通过上述方法可以准确地确定上一次训练参照的第j组权重是否全部为零,以根据判断结果进行后续处理。Through the above method, it can be accurately determined whether the jth group weights referenced in the previous training are all zero, so as to perform subsequent processing according to the judgment result.
在一种可能的设计中,在将所述上一次训练后得到的第j组权重全部置零之后,或者在将所述非零值的权重均置零之后,还将当前的置零标记数据结构中第j组权重对应的置 零标记更新为零;或者,在保持所述上一次训练后得到的第j组权重不变之后,还将当前的置零标记数据结构中第j组权重对应的置零标记更新为非零值。In a possible design, after the j-th group of weights obtained after the previous training are all set to zero, or after the weights of the non-zero values are all set to zero, the current zero-setting flag data is also set The zero-setting mark corresponding to the j-th group weight in the structure is updated to zero; or, after keeping the j-th group weight obtained after the last training unchanged, the j-th group weight in the current zero-marking data structure is also corresponded to The zero-setting flag of is updated to a non-zero value.

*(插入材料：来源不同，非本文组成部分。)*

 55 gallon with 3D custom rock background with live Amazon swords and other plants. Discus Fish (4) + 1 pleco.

通过上述方法,可以实时更新所述置零标记数据结构中的置零标记,以使进行权重调整时可以更准确地判断上一次训练参照的第j组权重是否全部为零。Through the above method, the zero-setting flags in the zero-setting flag data structure can be updated in real time, so that when the weight adjustment is performed, it can be more accurately judged whether the jth group weights referred to in the previous training are all zero.

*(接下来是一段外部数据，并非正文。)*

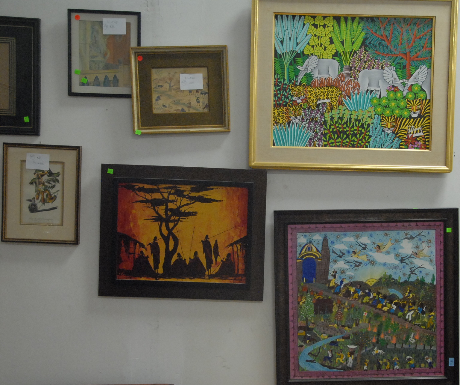 Group of six paintings to include watercolor signed Barnet 1953, Indian watercolor farming, an oil on canvas tribal scene signed lower right Muanza, large oil on canvas of jungle with elephants singed lower right Paul Memours, pastel of a girl signed lower right, and an oil on board of people working signed B-C Juan Camilo Agala.

第二方面,本申请提供了一种数据处理方法,获取目标神经网络模型的权重,并基于所述目标神经网络模型的权重进行如下处理:在第p次处理时,判断第q组权重是否全部为零,若是则根据矩阵运算类型或者根据所述矩阵运算类型和待处理的矩阵数据生成第一运算结果并保存,否则根据所述第q组权重、所述待处理的矩阵数据和所述矩阵运算类型生成第二运算结果并保存;其中,所述目标神经网络模型是基于稀疏化单位长度对神经网络模型的权重神经网络分组后训练得到的最终神经网络模型;所述稀疏化单位长度为基于处理设备的处理能力信息确定的,所述稀疏化单位长度为进行矩阵运算时一次运算的数据长度;第q组权重包括的权重的个数为稀疏化单位长度;所述q取遍1至f中的任意一个正整数,所述f为所述目标神经网络模型的所有权重按照所述稀疏化单位长度分组后的总组数;所述p取遍1到f中的任意一个正整数。In the second aspect, the present application provides a data processing method to obtain the weights of the target neural network model, and perform the following processing based on the weights of the target neural network model: at the pth processing, determine whether the qth group of weights are all Is zero, if yes, generate and save the first operation result according to the matrix operation type or according to the matrix operation type and the matrix data to be processed, otherwise according to the qth group weight, the matrix data to be processed and the matrix The operation type generates the second operation result and saves it; wherein, the target neural network model is the final neural network model obtained by training the weighted neural network based on the sparse unit length and grouping the neural network model; the sparse unit length is based on Determined by the processing capability information of the processing device, the sparse unit length is the data length of one operation when performing matrix operation; the number of weights included in the qth group of weights is the sparse unit length; the q is taken from 1 to f Any positive integer in, where f is the total number of groups in which the weight of the target neural network model is grouped according to the sparse unit length; p takes any positive integer from 1 to f.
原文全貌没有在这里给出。